Girl Power

Once upon a time, Philly public relations was dominated by anonymous men churning out bland press releases. Today? PR has turned into a party, honey, and the women are taking charge

Okay, Cashman & Associates plays at being a serious full-scale events and PR firm, but a recent communiqué that misspelled the name of a client gives the game away. No matter; the company truly excels at throwing parties: “Events are a really important marketing tool for our clients,” says Cashman. “It’s a chance to make personal contact directly with the customer.” For a party at the Manayunk bar Bourbon Blue, for example, Cashman sifted through her enormous database — names collected over the years and sorted by area — and blasted out an e-mail to hundreds of 20- and 30-somethings. “VIPs” like local sports figures and the company’s favorite media friends round out the crowds — all of which gives a warming ego boost to the venue, which feels like it’s playing host to a couple hundred of its own closest friends, even if it’s only for the night.

“Nicole is head and shoulders above everyone else in Philadelphia,” says Wayne Shulick, the owner of Denim and pricey jeans emporium Smith Bros. “She has the ability to reach that core group that’s conducive to Denim’s customer base,” which he defines as “20 to 35. A young, hip, affluent group.”
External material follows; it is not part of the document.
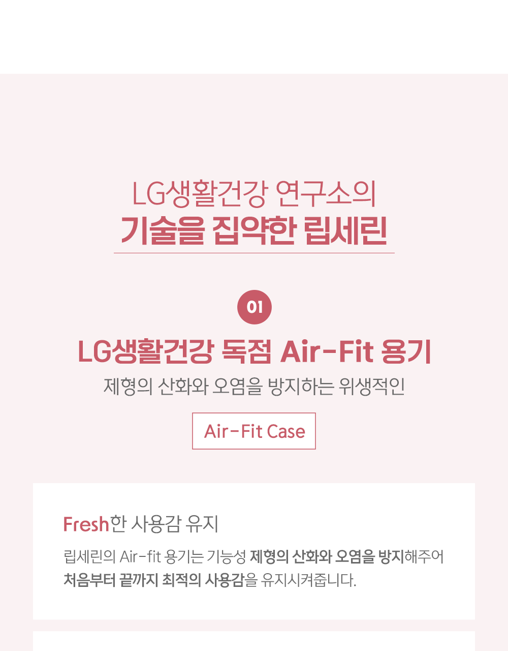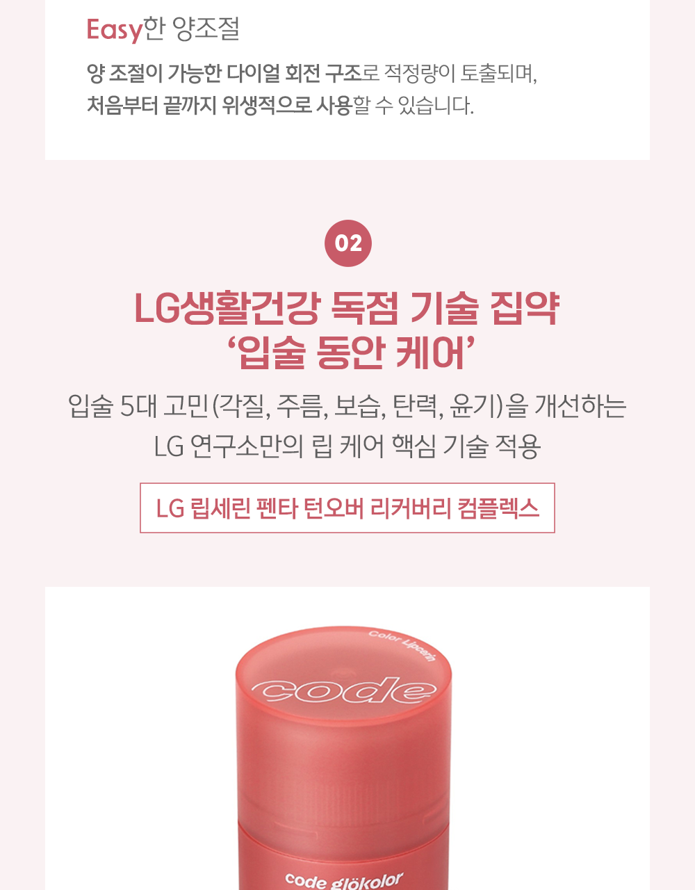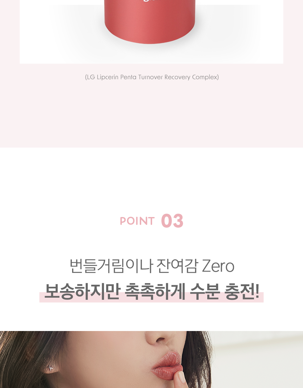Incorporating LG Lipserin Penta Turnover Recovery Complex, our lip care formula elevates your routine by targeting dead skin, wrinkles, moisture, elasticity, and shine, all in one. Experience the pinnacle of lip rejuvenation technology designed to give you soft, supple, and irresistibly glossy lips without any greasiness or residue.

If you are a restaurateur, it could cost you $5,000 and up to have Cashman & Associates throw you a party, where they’ll ostensibly introduce hundreds of customers to your product. Five grand can buy you an ad in a magazine or newspaper, but that doesn’t guarantee that the media and local celebrities and the sorts of girls who buy $150 jeans at Smith Bros. — the people Cashman and her Associates make it their business to be friends with — will take any notice. An ad won’t get you a schmoozy mention in Dan Gross’s column in the Daily News or Michael Klein’s Inqlings in the Inquirer, but an affiliation with a publicist — an established brand — will.

And lest you think all of this cleavage-dotage is the product of a dirty mind, let’s just say that Cashman and her ilk are not above flaunting their own assets. The invite to the firm’s Christmas party, a remake of a Sex and the City promotional shot, featured Cashman and her glossy-lipped Associates vamping in low-cut evening dresses. “It was soooo cheesy,” groans Steven Grasse, the bald creator of Gyro Worldwide advertising and mastermind auteur behind the Bikini Bandits movies. He nonetheless admits: “I hire Nicole because she has big boobs.”

“It’s all about hot girls,” says promoter/­publicist Rachel Furman, who recently employed a girl in a tight English maid’s petticoat to serve shots at the opening of the Walnut Room, a Rittenhouse Square lounge. “Wouldn’t you rather take something from a hot girl?”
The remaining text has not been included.